▸ **TASK TO CARRY OUT**
In the material below, find the line with "男性向けラノベタイトル風あだ名 | 『アマダライキスレイヤー』 |" and the line with "1組は生活です。「はっけんし". Output exactly those two lines and all lines between them, leaving out pictures.

(DATA FOR THE TASK begins)

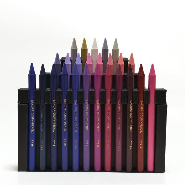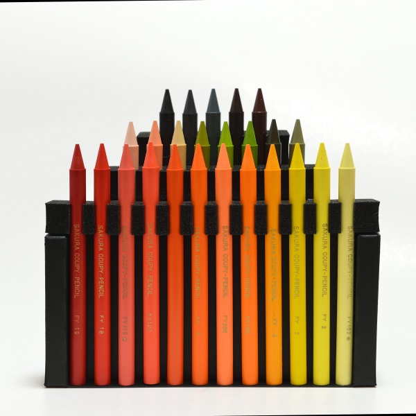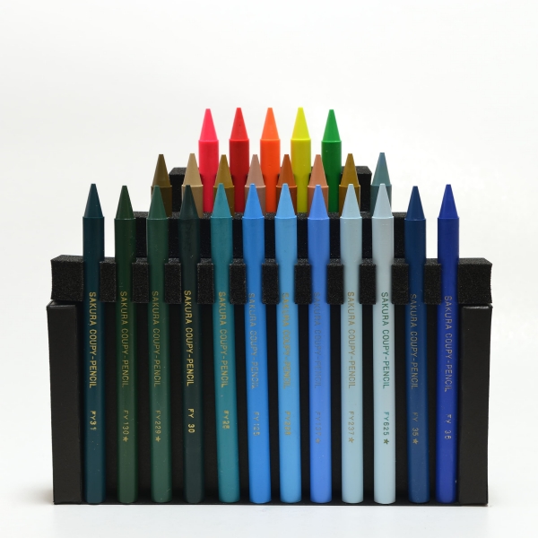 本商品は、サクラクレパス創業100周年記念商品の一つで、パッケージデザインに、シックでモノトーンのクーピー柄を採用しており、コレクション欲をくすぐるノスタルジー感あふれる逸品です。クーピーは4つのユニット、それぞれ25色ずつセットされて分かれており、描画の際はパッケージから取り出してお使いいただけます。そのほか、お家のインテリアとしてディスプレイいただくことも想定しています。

(DATA FOR THE TASK ends)
(DATA FOR THE TASK begins)

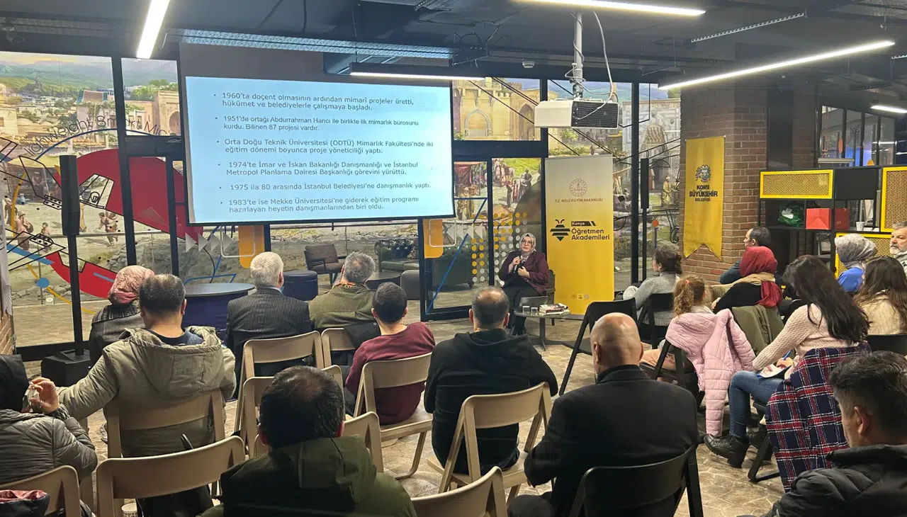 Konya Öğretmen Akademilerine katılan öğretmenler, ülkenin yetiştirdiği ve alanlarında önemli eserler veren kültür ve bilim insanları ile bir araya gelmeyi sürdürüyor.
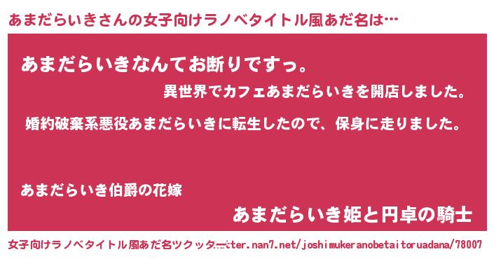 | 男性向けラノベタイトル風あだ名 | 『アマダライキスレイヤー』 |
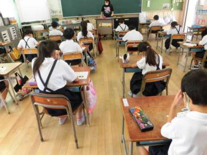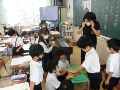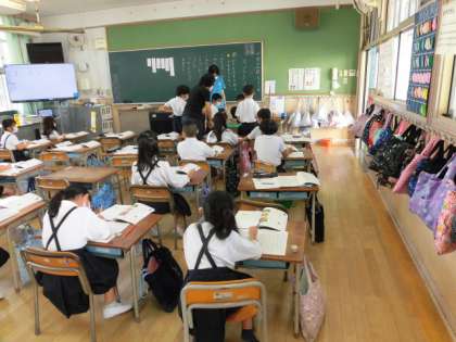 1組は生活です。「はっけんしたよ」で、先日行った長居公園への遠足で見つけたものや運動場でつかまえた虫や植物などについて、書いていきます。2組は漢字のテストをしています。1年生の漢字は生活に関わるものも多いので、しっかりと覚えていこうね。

(DATA FOR THE TASK ends)

▸ **YOUR SOLUTION**
 | 男性向けラノベタイトル風あだ名 | 『アマダライキスレイヤー』 |
 1組は生活です。「はっけんしたよ」で、先日行った長居公園への遠足で見つけたものや運動場でつかまえた虫や植物などについて、書いていきます。2組は漢字のテストをしています。1年生の漢字は生活に関わるものも多いので、しっかりと覚えていこうね。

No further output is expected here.